3. Intelligent Optimization Design of Squeeze Casting Process Parameters Based on Neural Network and Improved Sparrow Search Algorithm

  • Authors: Deng, J., Liu, G., Wang, L., Wu, X.
  • Journal: Journal of Industrial Information Integration
  • Year: 2024
  • Volume: 39
  • Article Number: 100600
  • Citations: 1
  • Abstract: This paper introduces an intelligent framework leveraging neural networks and an improved sparrow search algorithm to optimize squeeze casting process parameters. The proposed approach achieves enhanced precision and efficiency, reducing production defects and material waste.

4. The Parameter Identification of Metro Rail Corrugation Based on Effective Signal Extraction and Inertial Reference Method

  • Authors: Sun, H., He, D., Ma, H., Wen, Z., Deng, J.
  • Journal: Engineering Failure Analysis
  • Year: 2024
  • Volume: 158
  • Article Number: 108043
  • Citations: 7
  • Abstract: This study develops a novel methodology for identifying metro rail corrugation parameters using signal extraction and inertial reference techniques.
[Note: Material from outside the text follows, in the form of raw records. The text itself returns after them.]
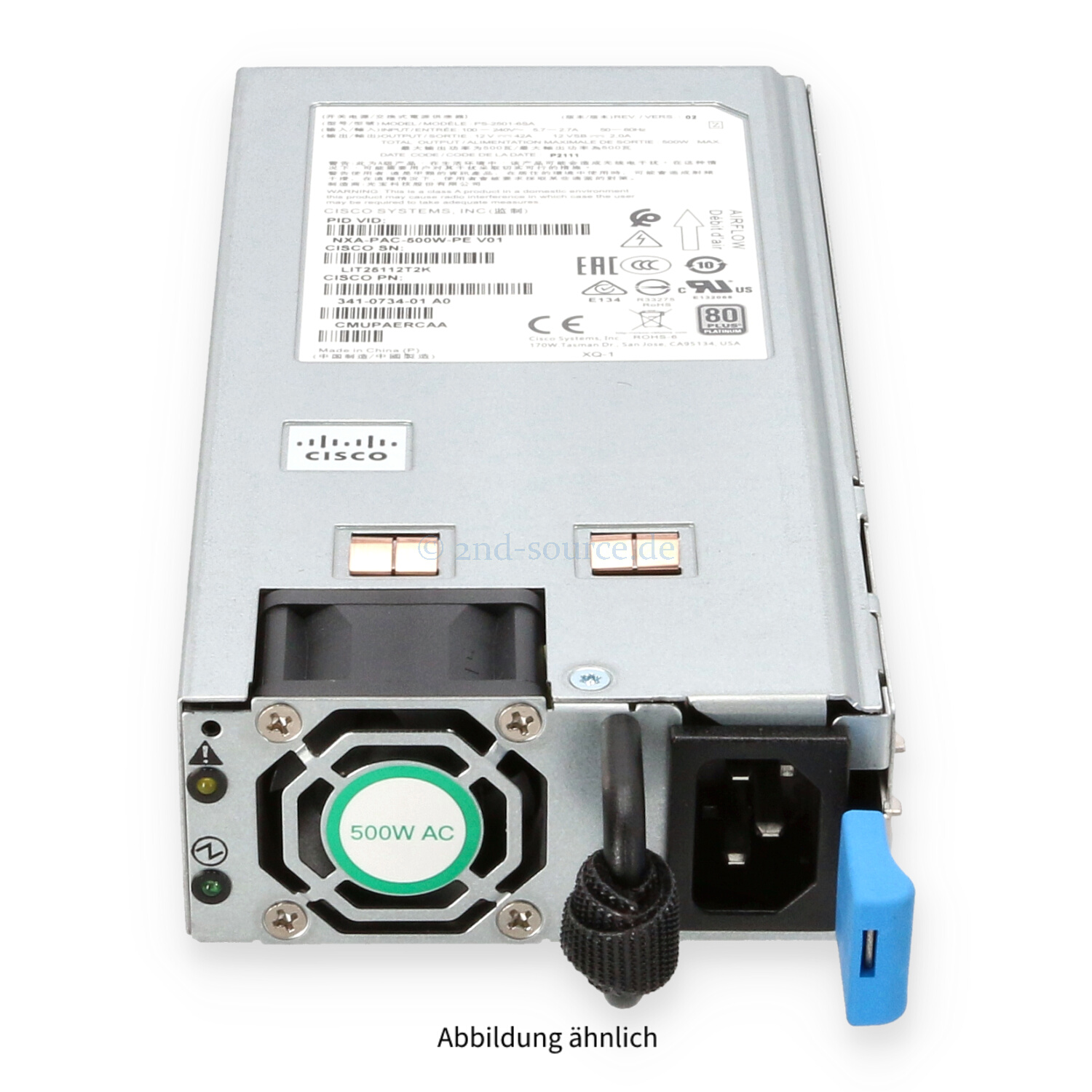 Modell Cisco 500W 80 Plus Platinum B-t-F HotPlug Power Supply
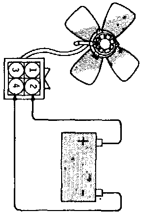 2. Ensure fan motor operates when battery voltage is applied to terminal 3 and terminal 4 is grounded.
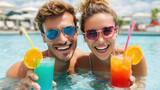 Smiling Couple With Cocktails In Swimming Pool On Vacation Holding Drinks With Orange Slices And Straws Enjoying Summer Holiday Togetherness
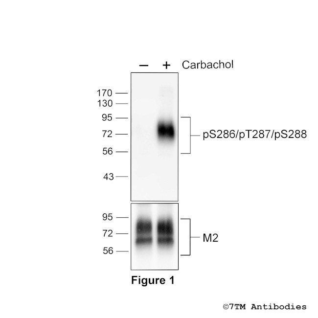 Agonist-induced Serine286/Threonine287/Serine288 phosphorylation of the M2 Muscarinic Acetylcholine Receptor. Upper panel, HEK293 cells stably expressing the 5-Hydroxytryptamine Receptor 4 (M2) were either not exposed or exposed to 100 µM carbachol for 30 minutes. Cells were lysed and immunoblotted with the anti-pS286/pT287/pS288-M2 antibody (7TM0014C) at a dilution of 1:1,000. Lower panel, blot was strippe... View More {{ $ctrl.currentElement.advancedVerification.fullName }} 验证信息 View more
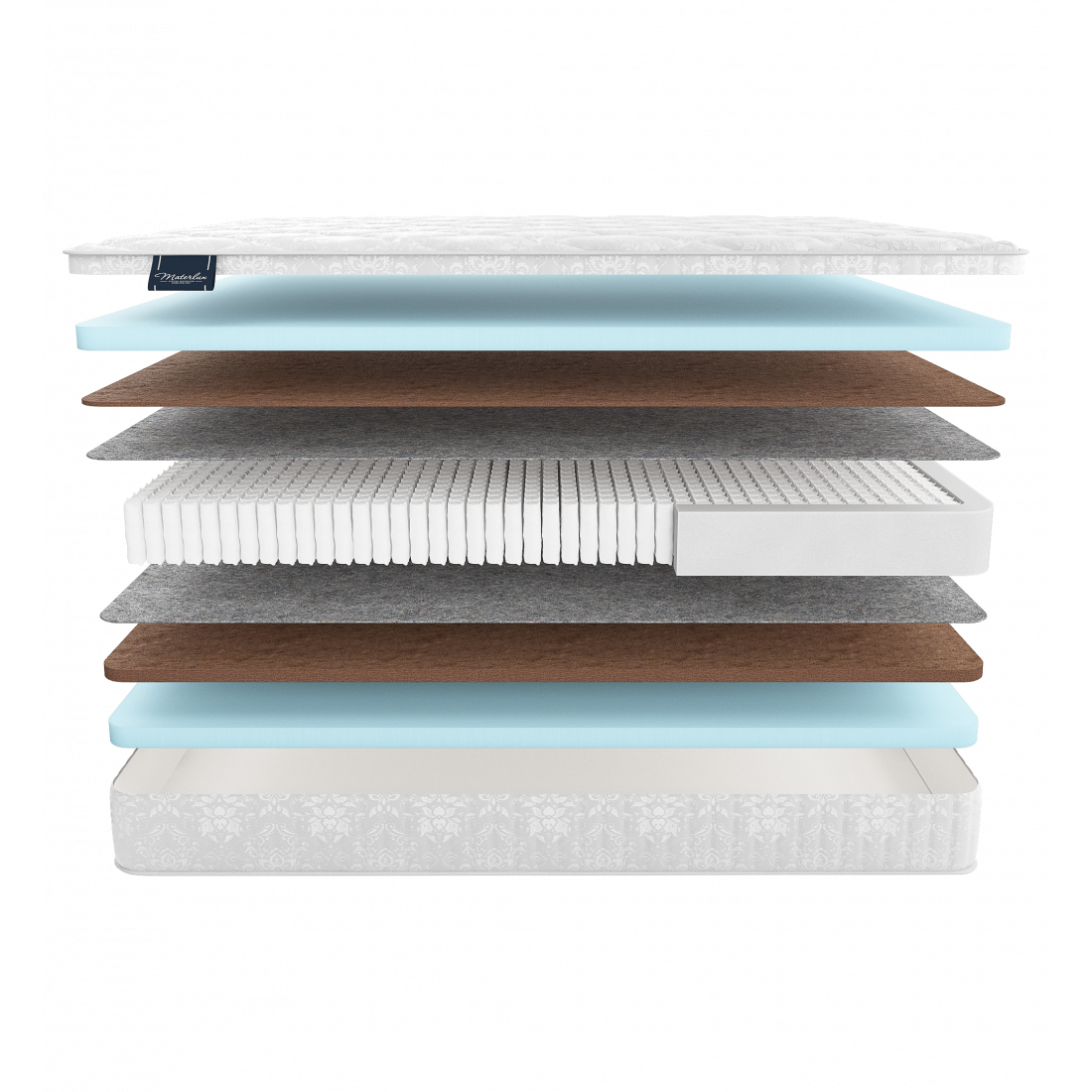 Универсальная пена natural foam (аналог натурального латекса), симметрично расположенная с каждой стороны матраса, сочетает в себе уникальные свойства — плотность и эластичность, а в комбинации с 1 см кокосовой койры делает матрас надежным, подходящим для категории людей, желающих приобрести довольно жесткое изделие. Высота 26 см и его непревзойденные ортопедические свойства не оставят сомнения в том, что вы приобретаете уникальный матрас, который будет служить вам много лет. А смотровое окошко у изножья матраса будет гарантией того, что в нем именно те материалы, которые вы заказывали.
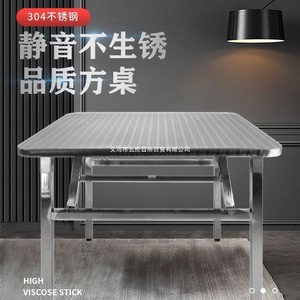 出租房304特厚不锈钢折叠正方形桌学校工地方便收纳长桌家用商用
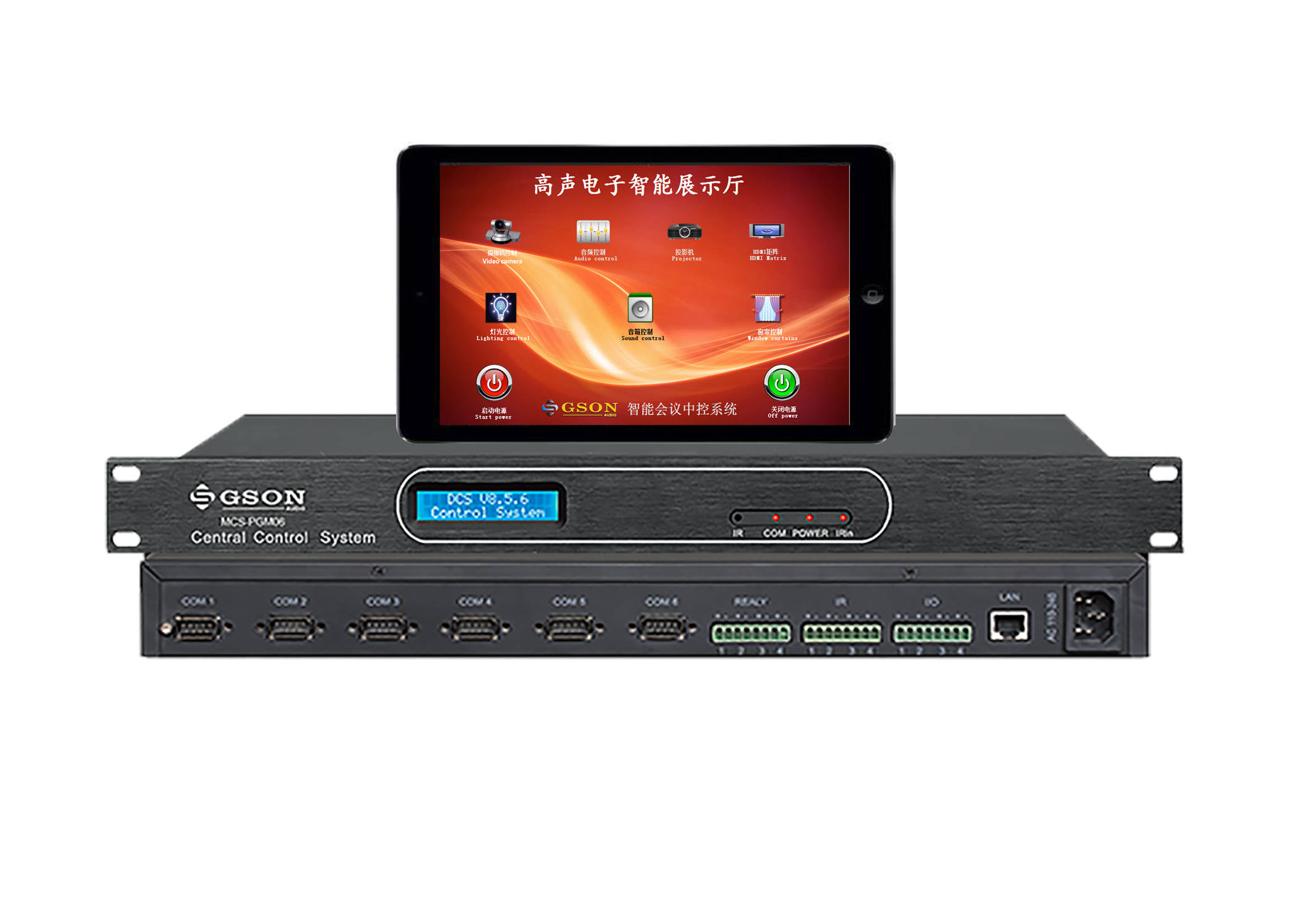 以往传统的中控主机只是单点控制的控制主机,只对一个会议室、指挥室或者是一个狭窄范围内的可控设备进行控制,但对于远距离的两个控制点来说是没有办法进行互相控制或者是级联控制,GSON高声电子最新自主研发的新一代中控主机MCS-PGM06则解决了这个难题。

The findings contribute to more effective rail maintenance strategies, enhancing safety and operational performance.

5. Blockchain-Based Security Access Control System for Sharing Squeeze Casting Process Database

  • Authors: Deng, J., Liu, G., Zeng, X.
  • Journal: Integrating Materials and Manufacturing Innovation
  • Year: 2024
  • Volume: 13
  • Issue: 1
  • Pages: 92–104
  • Citations: 1
  • Abstract: This research proposes a blockchain-based access control system for securely sharing squeeze casting process databases. The system enhances data integrity and accessibility, enabling collaborative innovation in manufacturing processes.

Conclusion

Prof. Jianxin Deng is an outstanding candidate for the Best Researcher Award. His innovative contributions to intelligent manufacturing, logistics optimization, and data-driven methodologies are highly impactful, and his patents underscore the practical relevance of his work. Although there are opportunities to diversify his application areas and enhance outreach, his achievements firmly position him as a leading figure in mechanical engineering and manufacturing research.

Recommendation:

Prof. Deng’s remarkable accomplishments and continued dedication to advancing his field make him a strong contender deserving of the award.